Kesinlikle Kvitova! İstanbul 2011 sanki bir süperstarın doğum anıydı. 21 yaşındaki solak oyuncunun kazandığı her puandan sonraki bağırışları , geriye düştüğü anlardaki geri dönüşleri , yüksek bir tempo ve spin ile topu rakip sahaya göndermesi-Hepsi bunların sıradışıydı. Şu an vuruş seçimlerinde hatalar olsa bile , böyle oynamaya devam ettiği sürece bir numara olmak çok uzak değil.

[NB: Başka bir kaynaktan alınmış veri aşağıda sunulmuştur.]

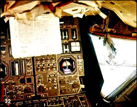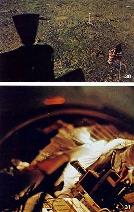 ARMSTRONG After reentering the LM, we could see the effects of our activity on the surface. (Photo 30.) You'll note that the surface looks considerably darker in the area where the majority of the walking took place. However, on the left side of the picture, where it is not as dark, there was also a good bit of walking. That indicates that the walking probably just increases your ability to notice the effects of the strange lighting that Buzz talked about earlier, where the cross-Sun lighting is a good bit darker than the down-Sun lighting. ALDRIN Following the EVA, we had a sleep period, which in a word, didn't go quite as well as we thought it might. We found it was quite difficult to keep warm. When we pulled the window shades over the windows, we found that the environment within the cabin chilled considerably and after about two or three hours, we found that it was rather difficult for us to sleep. You see mounted in the right hand window, the 16-millimeter camera (Photo 31), that was mounted for taking the pictures on the surface. Following the sleep period, as we're approaching the lift-off point we progressed with a gradual power-up of the lunar module, which included another star alignment check and as Mike came over in Columbia, one revolution before lift-off, we used the radar to track him as he went over. We continued the check out. You see here, one of the data books that's mounted up in front of the instrument panel (Photo 32), that was used to record the various messages that were sent up to us, a whole host of numbers, for the particular maneuvers that were coming up, that we would copy down. We would log these on that sort of a data sheet. |

Kvitova’nın yılına ait rakamlar şu şekilde: Wimbledon ve WTA Championships’I kazandı ki sezonun en önemli beş turnuvasından ikisi. 34 numaradan 2 numaraya yükseldi. 5.145.943$ para ödülü kazandı ki bunun 1.750.000$ sezon sonu finalinden geldi.Bu toplam rakamda kadın tenisindeki bir yıl içinde kazanılmış en yüksek üçüncü para ödülüdür. Kapalı kort turnuvalarında 21:0’lık bir galibiyet serisi ki buna İstanbul’dan 2 hafta sonra oynamış FED Cup finalleri de dahildir. Fakat sansasyonel Wimbledon zaferi sonrası sinirlerinde bir boşalma olmuş olmalı ki akabinde topla hiç doğru buluşamadı. Amerika Açık’da ilk turda elendi. Ülkesindeki sevinç çığlıklarını Martina Navratilova ile karşılaştırılması belki onun aksamasına sebep oldu.  WTA finallerinden iki hafta önce Linz’de yeniden iyi oynamaya başladı. “Her şey bir rüya gibi” diyor Kvitova. onun için gerçekleşen bir rüya – keza evsahibi için de!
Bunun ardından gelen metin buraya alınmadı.